I nod.
“You can spend the night here, spend the night at my place, or I can get you a room at one of the resorts if they have any vacancies.”
I look around at the party and doubt there’s much sleep to be found here, and the idea of going to a hotel alone scares me. “I’ll go with you.” The words are out of my mouth before I have time to think them through any further.
“Make yourself at home. I’m going to grab a quick shower, unless you want to go first.”
“Go ahead.” I’m too nervous to do much of anything right now.
“I won’t be long.”
“Take your time.”
He disappears down the hallway, leaving me alone in the living room that shares an open floor space with his kitchen. I don’t know what I was expecting, but it’s decent. Could use some décor and a little cleaning, but if the place was pristine, I might be scared he was going to hack me into pieces.
I’m not stupid and know that Kevlar and the club he’s in is dangerous, but when I’m with him, he makes me feel…safe.
I shuffle around his living space, trying to get a sense of who he is outside of being a biker and owning a tattoo shop. I know he’s the kind of guy who rescues a damsel in distress, but I find myself curious about him.

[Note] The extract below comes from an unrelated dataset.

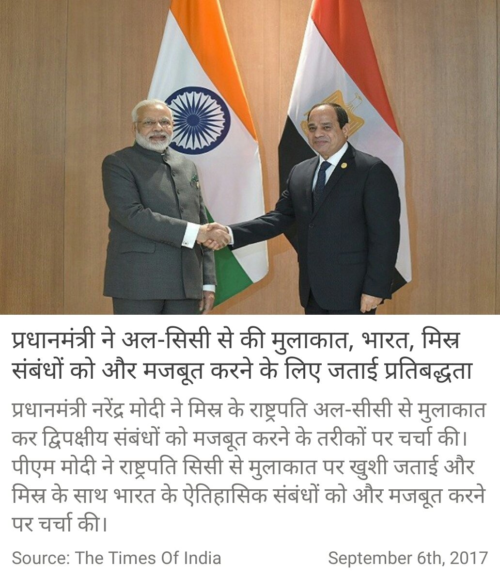 प्रधानमंत्री ने अल-सिसी से की मुलाकात, भारत, मिस्र संबंधों को और मजबूत करने के लिए जताई प्रतिबद्धता http://timesofindia.indiatimes.com/india/india-egypt-vow-to-strengthen-ties-as-modi-meets-sisi/articleshow/60376857.cms … via NMApppic.twitter.com/njQ81o0bzy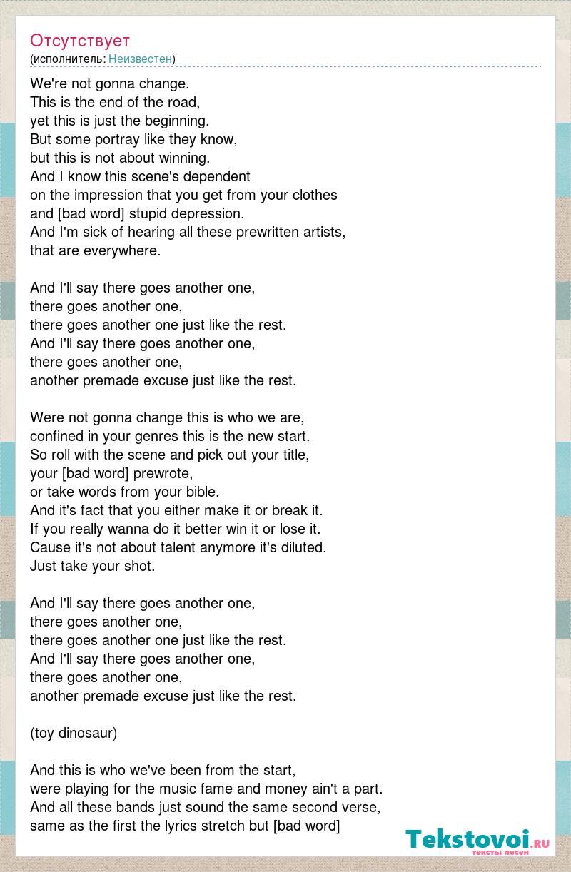 We're not gonna change. This is the end of the road, yet this is just the beginning. But some portray like they know, but this is not about winning. And I know this scene's dependent on the impression that you get from your clothes and [bad word] stupid depression. And I'm sick of hearing all these prewritten artists, that are everywhere. And I'll say there goes another one, there goes another one, there goes another one just like the rest. And I'll say there goes another one, there goes another one, another premade excuse just like the rest. Were not gonna change this is who we are, confined in your genres this is the new start. So roll with the scene and pick out your title, your [bad word] prewrote, or take words from your bible. And it's fact that you either make it or break it. If you really wanna do it better win it or lose it. Cause it's not about talent anymore it's diluted. Just take your shot. And I'll say there goes another one, there goes another one, there goes another one just like the rest. And I'll say there goes another one, there goes another one, another premade excuse just like the rest. (toy dinosaur) And this is who we've been from the start, were playing for the music fame and money ain't a part. And all these bands just sound the same second verse, same as the first the lyrics stretch but [bad word]

Does he have a girlfriend? Has he been married before? Does he have any kids?
There’s half of a sandwich that could pass as a fossil by the looks of how long it’s been sitting on the coffee table next to a stack of takeout napkins and tattoo magazines. Over the big TV hanging on the wall with a bunch of cords hanging behind it sits a shelf with nothing on it but a helmet with a bunch of stickers on it and a model of a Harley Davidson motorcycle.
The TV is set to the homepage of a streaming service. The trailer to some horror movie keeps playing on a loop, but the sound is muted. The remote to the TV is sticking out between the couch cushions of his brown leather sofa. On the kitchen counter sits a stack of mail and a lemon-scented spray bottle of kitchen cleaner.
I open his fridge, wondering what the contents will tell me about him. I smirk at the stacks of yogurt containers. He has some basic items. Cheese, eggs, bacon, a bag of bagels. No veggies and no fruit. A couple of cans of beer and an open energy drink.
I shut the fridge door, noticing a sticky note on the freezer door that reads: Get milk and trash bags, in a messy scrawl inked in black marker.
There’s a stray sock by the front door next to his shoe rack that holds boots, sneakers, and slides. He has one picture on the wall. A silhouette print of a motorcycle and the rider on the beach at sunset.
I smile at the image, imagining its him behind the clubhouse.
The window behind his couch overlooks the street below.
Kevlar returns freshly showered, dressed in a pair of black athletic shorts with white stripes down the sides. No shirt.
I swallow.
Hard.
He’s hot.
Hotter than hot.
Sexy.
All bad boy.
All muscled.
All biker.
Chapter Five
Kevlar
“Your bags are sitting at the foot of my bed. Towels are in the hall closet. Should be plenty of hot water.”